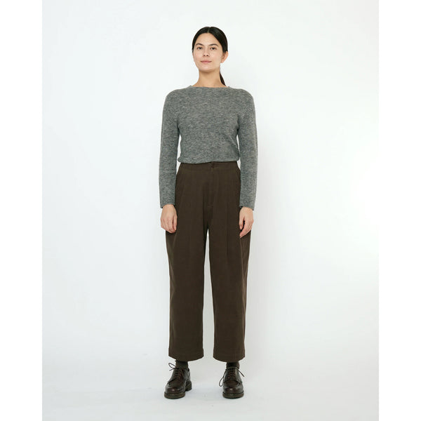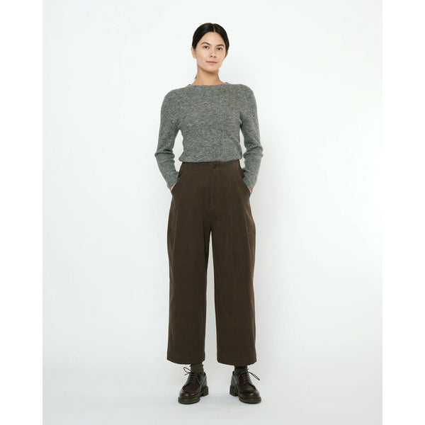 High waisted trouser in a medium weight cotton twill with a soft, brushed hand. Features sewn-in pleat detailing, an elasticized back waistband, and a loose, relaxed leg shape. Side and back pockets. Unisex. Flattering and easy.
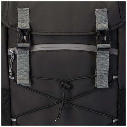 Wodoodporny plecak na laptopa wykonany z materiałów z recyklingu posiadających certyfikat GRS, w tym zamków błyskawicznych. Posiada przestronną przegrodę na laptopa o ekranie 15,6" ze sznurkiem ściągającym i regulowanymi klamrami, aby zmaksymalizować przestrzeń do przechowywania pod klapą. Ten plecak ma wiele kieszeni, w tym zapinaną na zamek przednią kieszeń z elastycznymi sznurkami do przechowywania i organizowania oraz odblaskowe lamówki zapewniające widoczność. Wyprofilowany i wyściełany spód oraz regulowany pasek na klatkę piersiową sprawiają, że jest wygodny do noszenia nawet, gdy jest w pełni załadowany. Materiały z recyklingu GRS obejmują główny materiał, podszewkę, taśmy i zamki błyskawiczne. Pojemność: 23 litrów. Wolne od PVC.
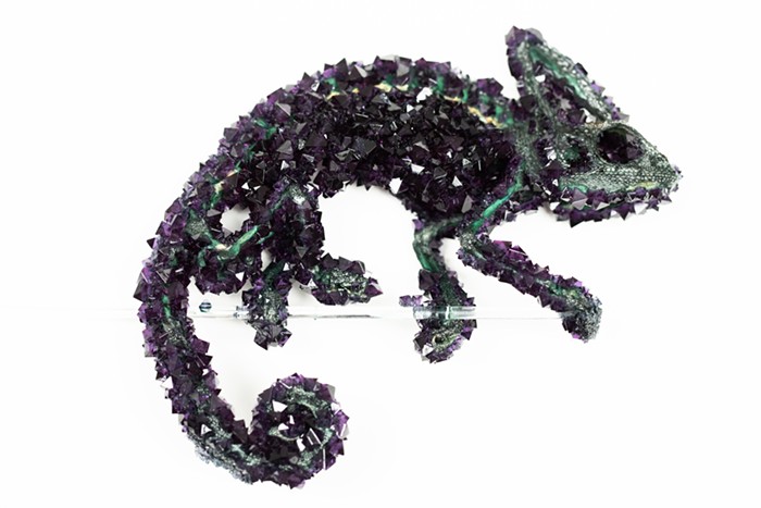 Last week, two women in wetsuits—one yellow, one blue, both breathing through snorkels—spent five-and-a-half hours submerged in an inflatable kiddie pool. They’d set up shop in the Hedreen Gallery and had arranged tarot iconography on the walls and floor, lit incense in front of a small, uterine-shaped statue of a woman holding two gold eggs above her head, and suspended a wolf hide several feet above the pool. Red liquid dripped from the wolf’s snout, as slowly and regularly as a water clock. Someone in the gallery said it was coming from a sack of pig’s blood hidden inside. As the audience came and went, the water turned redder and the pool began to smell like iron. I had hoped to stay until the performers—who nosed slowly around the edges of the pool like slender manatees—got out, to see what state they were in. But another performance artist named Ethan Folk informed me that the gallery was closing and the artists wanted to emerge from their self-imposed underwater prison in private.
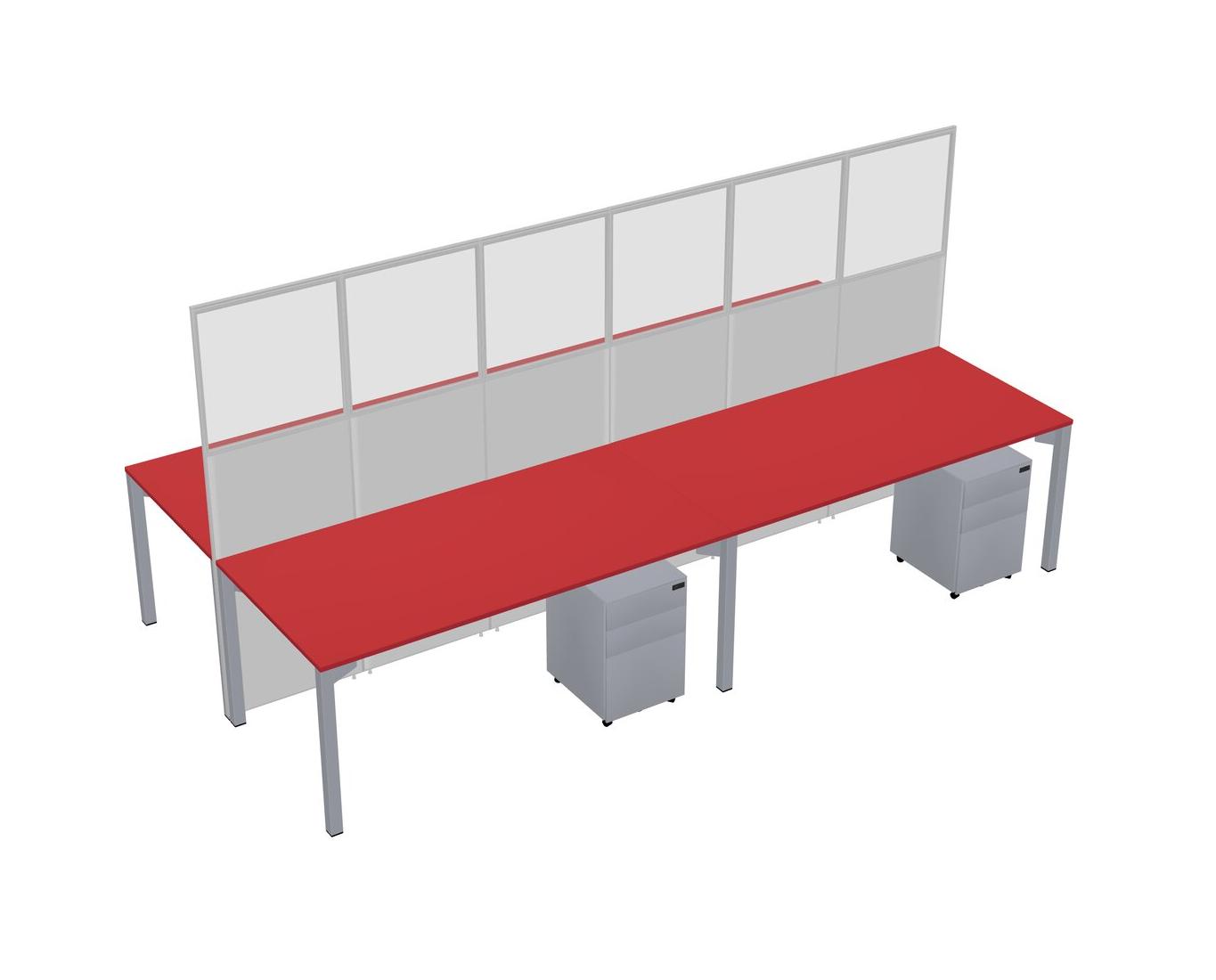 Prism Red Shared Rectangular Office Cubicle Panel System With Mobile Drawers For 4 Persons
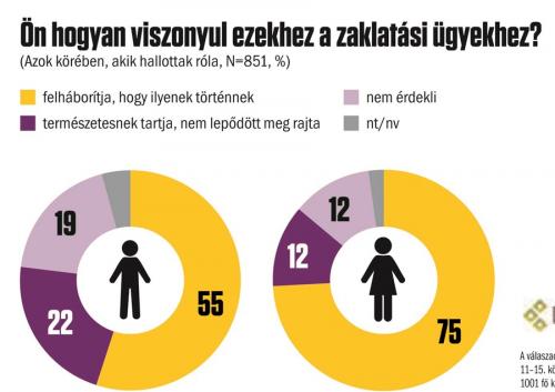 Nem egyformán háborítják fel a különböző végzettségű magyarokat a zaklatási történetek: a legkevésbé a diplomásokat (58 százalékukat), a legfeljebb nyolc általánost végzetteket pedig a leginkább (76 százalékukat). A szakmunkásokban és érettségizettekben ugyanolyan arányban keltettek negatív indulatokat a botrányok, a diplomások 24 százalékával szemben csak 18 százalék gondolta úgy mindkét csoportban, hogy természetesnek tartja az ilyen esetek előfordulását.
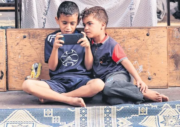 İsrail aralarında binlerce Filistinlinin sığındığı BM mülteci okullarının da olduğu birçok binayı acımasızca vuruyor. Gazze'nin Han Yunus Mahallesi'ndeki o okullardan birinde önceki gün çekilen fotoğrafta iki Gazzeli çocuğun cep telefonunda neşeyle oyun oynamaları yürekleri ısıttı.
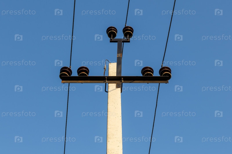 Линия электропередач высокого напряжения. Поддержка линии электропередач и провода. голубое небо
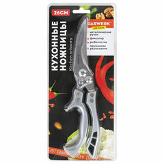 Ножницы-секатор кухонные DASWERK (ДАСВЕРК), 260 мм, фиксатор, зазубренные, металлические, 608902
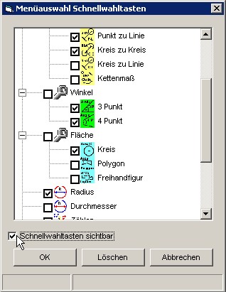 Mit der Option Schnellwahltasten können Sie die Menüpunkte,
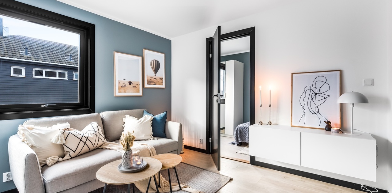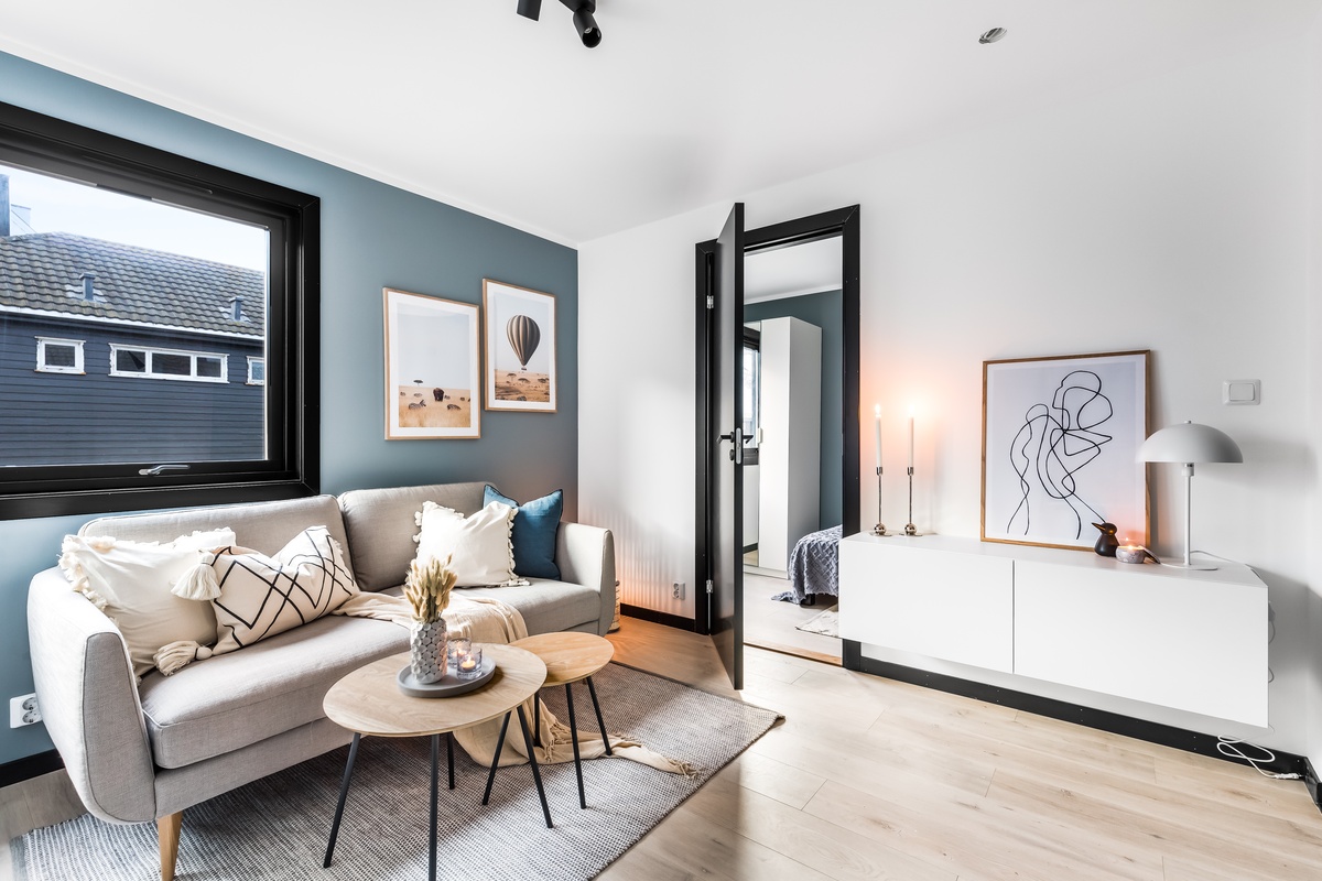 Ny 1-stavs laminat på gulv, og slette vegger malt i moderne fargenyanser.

────────────────────

WHAT THE TASK REQUIRES:
Leaving out the images, return the entries above exactly as they read.

RESPONSE TO THE TASK:
 High waisted trouser in a medium weight cotton twill with a soft, brushed hand. Features sewn-in pleat detailing, an elasticized back waistband, and a loose, relaxed leg shape. Side and back pockets. Unisex. Flattering and easy.
 Wodoodporny plecak na laptopa wykonany z materiałów z recyklingu posiadających certyfikat GRS, w tym zamków błyskawicznych. Posiada przestronną przegrodę na laptopa o ekranie 15,6" ze sznurkiem ściągającym i regulowanymi klamrami, aby zmaksymalizować przestrzeń do przechowywania pod klapą. Ten plecak ma wiele kieszeni, w tym zapinaną na zamek przednią kieszeń z elastycznymi sznurkami do przechowywania i organizowania oraz odblaskowe lamówki zapewniające widoczność. Wyprofilowany i wyściełany spód oraz regulowany pasek na klatkę piersiową sprawiają, że jest wygodny do noszenia nawet, gdy jest w pełni załadowany. Materiały z recyklingu GRS obejmują główny materiał, podszewkę, taśmy i zamki błyskawiczne. Pojemność: 23 litrów. Wolne od PVC.
 Last week, two women in wetsuits—one yellow, one blue, both breathing through snorkels—spent five-and-a-half hours submerged in an inflatable kiddie pool. They’d set up shop in the Hedreen Gallery and had arranged tarot iconography on the walls and floor, lit incense in front of a small, uterine-shaped statue of a woman holding two gold eggs above her head, and suspended a wolf hide several feet above the pool. Red liquid dripped from the wolf’s snout, as slowly and regularly as a water clock. Someone in the gallery said it was coming from a sack of pig’s blood hidden inside. As the audience came and went, the water turned redder and the pool began to smell like iron. I had hoped to stay until the performers—who nosed slowly around the edges of the pool like slender manatees—got out, to see what state they were in. But another performance artist named Ethan Folk informed me that the gallery was closing and the artists wanted to emerge from their self-imposed underwater prison in private.
 Prism Red Shared Rectangular Office Cubicle Panel System With Mobile Drawers For 4 Persons
 Nem egyformán háborítják fel a különböző végzettségű magyarokat a zaklatási történetek: a legkevésbé a diplomásokat (58 százalékukat), a legfeljebb nyolc általánost végzetteket pedig a leginkább (76 százalékukat). A szakmunkásokban és érettségizettekben ugyanolyan arányban keltettek negatív indulatokat a botrányok, a diplomások 24 százalékával szemben csak 18 százalék gondolta úgy mindkét csoportban, hogy természetesnek tartja az ilyen esetek előfordulását.
 İsrail aralarında binlerce Filistinlinin sığındığı BM mülteci okullarının da olduğu birçok binayı acımasızca vuruyor. Gazze'nin Han Yunus Mahallesi'ndeki o okullardan birinde önceki gün çekilen fotoğrafta iki Gazzeli çocuğun cep telefonunda neşeyle oyun oynamaları yürekleri ısıttı.
 Линия электропередач высокого напряжения. Поддержка линии электропередач и провода. голубое небо
 Ножницы-секатор кухонные DASWERK (ДАСВЕРК), 260 мм, фиксатор, зазубренные, металлические, 608902
 Mit der Option Schnellwahltasten können Sie die Menüpunkte,
 Ny 1-stavs laminat på gulv, og slette vegger malt i moderne fargenyanser.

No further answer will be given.